Within the material below, locate the line with "在厨房里一直跟在胡静身后的朱兆祥,也会学着胡静用手去试试味道,超接地气。" and the line with "Claimed loss: $1,924.12", then return those two lines and all lines between them, exactly as written.

┄┄┄┄┄┄┄┄┄┄

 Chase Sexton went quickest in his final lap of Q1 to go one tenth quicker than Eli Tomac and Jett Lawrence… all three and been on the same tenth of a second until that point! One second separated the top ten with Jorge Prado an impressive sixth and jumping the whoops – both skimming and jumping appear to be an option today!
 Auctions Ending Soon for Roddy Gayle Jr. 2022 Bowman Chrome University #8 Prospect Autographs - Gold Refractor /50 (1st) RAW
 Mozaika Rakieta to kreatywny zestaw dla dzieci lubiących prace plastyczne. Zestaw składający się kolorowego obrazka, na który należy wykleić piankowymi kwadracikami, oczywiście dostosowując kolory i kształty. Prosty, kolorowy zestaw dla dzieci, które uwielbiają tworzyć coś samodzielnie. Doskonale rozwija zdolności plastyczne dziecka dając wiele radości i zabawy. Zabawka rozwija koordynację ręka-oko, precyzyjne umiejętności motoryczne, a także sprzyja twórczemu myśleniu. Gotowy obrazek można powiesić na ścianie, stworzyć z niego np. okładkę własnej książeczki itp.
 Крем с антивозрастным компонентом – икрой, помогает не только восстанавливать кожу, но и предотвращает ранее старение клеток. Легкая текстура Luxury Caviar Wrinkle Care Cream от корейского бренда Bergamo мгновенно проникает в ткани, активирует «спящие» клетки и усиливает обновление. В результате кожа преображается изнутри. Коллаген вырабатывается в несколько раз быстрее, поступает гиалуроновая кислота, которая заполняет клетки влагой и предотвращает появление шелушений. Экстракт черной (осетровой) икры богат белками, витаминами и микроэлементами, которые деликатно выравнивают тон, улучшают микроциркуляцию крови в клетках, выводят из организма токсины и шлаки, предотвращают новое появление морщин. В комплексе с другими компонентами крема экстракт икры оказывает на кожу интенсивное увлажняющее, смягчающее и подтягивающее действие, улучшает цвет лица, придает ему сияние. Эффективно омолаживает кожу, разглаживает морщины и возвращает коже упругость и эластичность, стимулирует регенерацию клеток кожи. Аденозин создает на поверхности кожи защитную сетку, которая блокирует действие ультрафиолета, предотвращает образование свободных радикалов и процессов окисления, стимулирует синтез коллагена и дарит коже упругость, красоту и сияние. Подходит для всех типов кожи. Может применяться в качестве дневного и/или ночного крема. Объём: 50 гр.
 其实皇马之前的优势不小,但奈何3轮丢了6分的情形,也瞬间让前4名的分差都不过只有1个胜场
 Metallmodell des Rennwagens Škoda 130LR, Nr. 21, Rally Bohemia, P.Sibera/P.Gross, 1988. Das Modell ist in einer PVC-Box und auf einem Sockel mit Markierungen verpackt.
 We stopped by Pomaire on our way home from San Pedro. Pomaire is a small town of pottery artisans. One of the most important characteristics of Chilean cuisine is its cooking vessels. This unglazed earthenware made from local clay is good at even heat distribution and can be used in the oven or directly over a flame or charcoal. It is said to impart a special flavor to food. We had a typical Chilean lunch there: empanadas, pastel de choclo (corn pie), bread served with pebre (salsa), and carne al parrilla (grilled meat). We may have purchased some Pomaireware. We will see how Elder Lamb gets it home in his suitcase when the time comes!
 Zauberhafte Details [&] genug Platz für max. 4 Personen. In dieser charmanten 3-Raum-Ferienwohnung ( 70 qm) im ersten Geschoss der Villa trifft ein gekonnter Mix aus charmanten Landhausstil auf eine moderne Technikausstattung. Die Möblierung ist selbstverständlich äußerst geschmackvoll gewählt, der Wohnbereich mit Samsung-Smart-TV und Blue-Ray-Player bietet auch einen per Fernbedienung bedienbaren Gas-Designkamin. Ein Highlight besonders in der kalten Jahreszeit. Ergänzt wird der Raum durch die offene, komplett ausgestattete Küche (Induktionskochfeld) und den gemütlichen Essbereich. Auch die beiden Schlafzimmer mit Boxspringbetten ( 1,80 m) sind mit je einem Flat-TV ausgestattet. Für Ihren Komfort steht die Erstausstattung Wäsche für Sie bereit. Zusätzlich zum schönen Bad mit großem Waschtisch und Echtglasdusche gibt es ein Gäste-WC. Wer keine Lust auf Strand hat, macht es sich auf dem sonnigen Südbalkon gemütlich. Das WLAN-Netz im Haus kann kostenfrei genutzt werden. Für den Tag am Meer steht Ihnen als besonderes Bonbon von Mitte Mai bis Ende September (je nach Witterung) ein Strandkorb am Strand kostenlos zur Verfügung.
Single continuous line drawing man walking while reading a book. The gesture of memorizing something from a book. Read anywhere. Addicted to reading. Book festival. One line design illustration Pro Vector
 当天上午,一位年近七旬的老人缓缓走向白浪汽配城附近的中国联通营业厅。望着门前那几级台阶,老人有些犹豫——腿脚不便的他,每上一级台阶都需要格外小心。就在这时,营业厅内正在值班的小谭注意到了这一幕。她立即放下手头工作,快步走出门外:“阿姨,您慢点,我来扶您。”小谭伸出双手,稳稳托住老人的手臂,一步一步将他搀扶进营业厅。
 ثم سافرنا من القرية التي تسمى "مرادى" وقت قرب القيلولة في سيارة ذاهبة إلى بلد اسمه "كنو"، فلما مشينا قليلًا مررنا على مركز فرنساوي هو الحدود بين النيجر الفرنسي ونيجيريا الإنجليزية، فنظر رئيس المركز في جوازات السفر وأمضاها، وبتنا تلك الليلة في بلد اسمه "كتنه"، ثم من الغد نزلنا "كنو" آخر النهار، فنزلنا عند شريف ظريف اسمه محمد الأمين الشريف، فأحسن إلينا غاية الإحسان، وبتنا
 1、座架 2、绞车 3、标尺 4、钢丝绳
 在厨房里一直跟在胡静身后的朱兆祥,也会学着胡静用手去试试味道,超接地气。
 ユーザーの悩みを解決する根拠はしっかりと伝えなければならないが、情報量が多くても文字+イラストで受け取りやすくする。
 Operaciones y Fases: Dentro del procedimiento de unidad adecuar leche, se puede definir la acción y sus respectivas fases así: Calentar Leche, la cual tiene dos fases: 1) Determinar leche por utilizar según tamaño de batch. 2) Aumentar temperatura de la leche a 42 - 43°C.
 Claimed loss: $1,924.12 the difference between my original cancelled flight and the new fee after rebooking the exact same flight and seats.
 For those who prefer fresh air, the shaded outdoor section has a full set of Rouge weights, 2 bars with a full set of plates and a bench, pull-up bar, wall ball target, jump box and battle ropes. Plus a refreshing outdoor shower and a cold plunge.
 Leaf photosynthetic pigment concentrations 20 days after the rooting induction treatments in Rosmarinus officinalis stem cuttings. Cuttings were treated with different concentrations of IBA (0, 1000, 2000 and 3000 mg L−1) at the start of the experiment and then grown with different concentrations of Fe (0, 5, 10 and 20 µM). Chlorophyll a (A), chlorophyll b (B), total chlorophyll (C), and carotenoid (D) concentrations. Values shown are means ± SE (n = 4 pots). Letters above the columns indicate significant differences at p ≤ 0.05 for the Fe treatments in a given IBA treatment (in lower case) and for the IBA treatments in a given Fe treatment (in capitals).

┄┄┄┄┄┄┄┄┄┄

#### Answer:
 在厨房里一直跟在胡静身后的朱兆祥,也会学着胡静用手去试试味道,超接地气。
 ユーザーの悩みを解決する根拠はしっかりと伝えなければならないが、情報量が多くても文字+イラストで受け取りやすくする。
 Operaciones y Fases: Dentro del procedimiento de unidad adecuar leche, se puede definir la acción y sus respectivas fases así: Calentar Leche, la cual tiene dos fases: 1) Determinar leche por utilizar según tamaño de batch. 2) Aumentar temperatura de la leche a 42 - 43°C.
 Claimed loss: $1,924.12 the difference between my original cancelled flight and the new fee after rebooking the exact same flight and seats.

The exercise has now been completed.